Timeline: Jul - Aug 2020
(Long) note before project description: This project was my first introduction to machine learning. Initially, I was thinking of taking an online machine learning course or something similar in order to get a thorough introduction to the main subtopics within machine learning. Even though I have come to believe that figuring out things on your own without necessarily taking a whole course (which would likely include things you wouldn’t need to complete your project idea) is very valuable, I thought that machine learning is such a complicatedly interconnected field that without having a proper introduction to many of the subtopics at the same time, I couldn’t proceed much. I think I was wrong!:)
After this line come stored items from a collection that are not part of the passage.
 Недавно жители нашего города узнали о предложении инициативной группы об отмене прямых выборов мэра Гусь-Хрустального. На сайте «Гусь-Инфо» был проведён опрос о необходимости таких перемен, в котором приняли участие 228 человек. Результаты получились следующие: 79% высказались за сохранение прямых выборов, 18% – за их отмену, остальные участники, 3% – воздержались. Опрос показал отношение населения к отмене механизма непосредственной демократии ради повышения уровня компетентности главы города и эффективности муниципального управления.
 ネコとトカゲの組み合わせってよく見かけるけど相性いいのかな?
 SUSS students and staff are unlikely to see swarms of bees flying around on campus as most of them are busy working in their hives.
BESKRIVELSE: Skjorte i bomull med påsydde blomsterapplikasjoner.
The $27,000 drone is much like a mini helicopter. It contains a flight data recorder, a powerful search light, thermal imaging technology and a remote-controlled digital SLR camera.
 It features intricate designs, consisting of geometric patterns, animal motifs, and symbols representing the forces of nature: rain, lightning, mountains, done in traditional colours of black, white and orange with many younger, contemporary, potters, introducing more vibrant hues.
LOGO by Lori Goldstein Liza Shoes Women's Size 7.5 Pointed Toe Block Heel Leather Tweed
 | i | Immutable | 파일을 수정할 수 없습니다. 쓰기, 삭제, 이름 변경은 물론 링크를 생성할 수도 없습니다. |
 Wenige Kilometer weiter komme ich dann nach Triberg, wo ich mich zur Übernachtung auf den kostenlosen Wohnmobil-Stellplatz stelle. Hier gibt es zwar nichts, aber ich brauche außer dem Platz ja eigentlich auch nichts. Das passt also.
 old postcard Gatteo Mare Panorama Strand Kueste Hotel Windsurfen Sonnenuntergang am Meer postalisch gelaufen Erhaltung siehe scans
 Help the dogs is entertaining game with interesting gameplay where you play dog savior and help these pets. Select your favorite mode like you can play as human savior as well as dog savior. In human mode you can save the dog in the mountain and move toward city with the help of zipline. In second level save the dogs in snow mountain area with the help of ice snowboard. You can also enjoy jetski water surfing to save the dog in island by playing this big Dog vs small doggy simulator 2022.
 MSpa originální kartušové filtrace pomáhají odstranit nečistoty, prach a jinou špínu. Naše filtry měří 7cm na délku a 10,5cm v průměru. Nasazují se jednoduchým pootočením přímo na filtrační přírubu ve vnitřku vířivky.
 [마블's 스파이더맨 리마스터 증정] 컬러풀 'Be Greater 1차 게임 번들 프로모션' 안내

When I first wanted to start my first machine learning project, I asked about my “dilemma” about taking a course or “diving straight in” to a friend of mine, whom I also see as a mentor. She suggested the latter, and said that I could “hack my way through” and learn the required knowledge from tutorials, blog posts, etc… as with anything! I liked this idea (her statement is cool, isn’t it?:), and I appreciate she suggested going with the latter - I believe I learned a lot with this project, and I’m excited to not only describe my project here, but also make additions to it in the future!
Additionally, it was my younger sister who called this project a “personal spam folder” when I described to her, so the name credit goes to her!;)
Description: The idea of this project is to build a machine learning model for classifying emails in a user’s inbox as emails that will be read or will not be read. The model uses the actual email data of the user, and the project functions as if creating a personal spam folder (it doesn’t actually create the folder, but identifies (aims to identify as accurately as possible) emails that would go into that “personal spam folder” if it existed).
My project consists of a Python module, and 3 scheduled background tasks. I designed the first task to be the “data fetching” task, the second task to be the “model training” task, and the third task to be the “data visualization” task. In order to run the tasks periodically, I used a Python task queue library, Celery. Celery provides a task scheduler and worker nodes, but not the way of communication between them - for this, I used Redis as a message broker with Celery. These tasks are described below:
Task #1: Data Fetching This task is divided into 2 sub-pathways in itself. The first case is for fetching data for the first time, and the second case is for the subsequent data fetches - both of which are described in step #4.
I used a Python IMAP4 client library, imaplib, to get email data from a real inbox. Fetching my own data, instead of using an online dataset was a very fun experience, because it allowed me to decide on & go through various preparation stages: retrieving emails via an IMAP library, extracting the information I need from the emails, and doing this data fetching regularly to keep getting new emails from the same inbox (described below). All along with these, and in my opinion most importantly, it gave me hands-on experience with doing custom data preprocessing for my own data, in order to clean/fix the unnecessary information in my data and put the data in a proper format that would be valuable for the classification model (described below).
Along with its message broker functionality, I also used Redis as a database. In order to only fetch emails since the last email that was processed when the task executes, I used email uid’s (unique identification number), stored the uid we need to start fetching emails from as a Redis key, and used this information when fetching data with the IMAP4 client library.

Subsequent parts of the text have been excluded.